Data Science in Linguistics: Extracting Phonotactics from Word Lists


Consider the words ‘brick’, ‘blick’, and ‘bnick’. ‘brick’ is a word in English and ‘blick’ and ‘bnick’ are not. But most English speakers have the sense that ‘blick’ could be a word of English but ‘bnick’ could not be. One theory for why people have this sense is that ‘blick’ obeys a set of rules that characterize the English lexicon and that ‘bnick’ does not. (An example of such a rule might be: ‘a word cannot begin with a stop followed by a nasal’.) The study of such rules and the sound patterns of the lexicon in general is known as phonotactics, a subfield of phonology.

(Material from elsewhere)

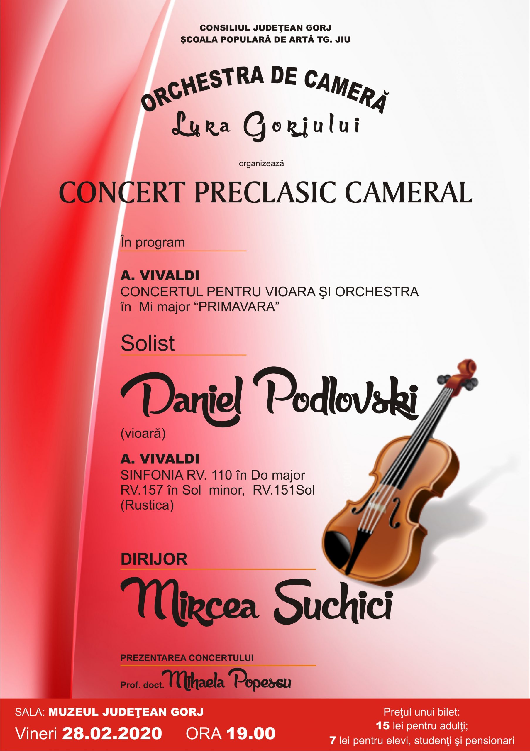 Vineri, 28 februarie 2020, la ora 19:00, dirijorul și violocelistul Mircea Suchici revine la pupitrul Orchestrei de Cameră ”Lyra Gorjului” și propune melomanilor târgujieni un program integral ANTONIO Vivaldi. Concertul este un prilej de a-l aplauda pe cunoscutul violonist Daniel Podlovschi, care va interpreta celebrul Concert pentru vioară și orchestra în Mi major ”Primăvara”. Seara, de la Muzeul Județean Gorj ”Alexandru Ștefulescu”, se va încheia cu Sinfonia RV. 110 în Do major

For many years the dominant idea in linguistics was that in each language there are criteria for whether a word is phonotactically valid or not, and a word could only be in the lexicon if it was phonotactically valid. Lately, this has shifted to the idea that phonotactics assigns a well-formedness score to words where some words are extremely good, some words are extremely bad, and most fall somewhere in between.

I will give a survey of how data science techniques are allowing researchers to extract information about the gradient phonotactics of the world’s languages.

UBC Robson Square

Speaker Bio

Dr. Paul Tupper is Professor of Mathematics at SFU. His major interest is applying mathematics of various sorts to problems in linguistics and psychology.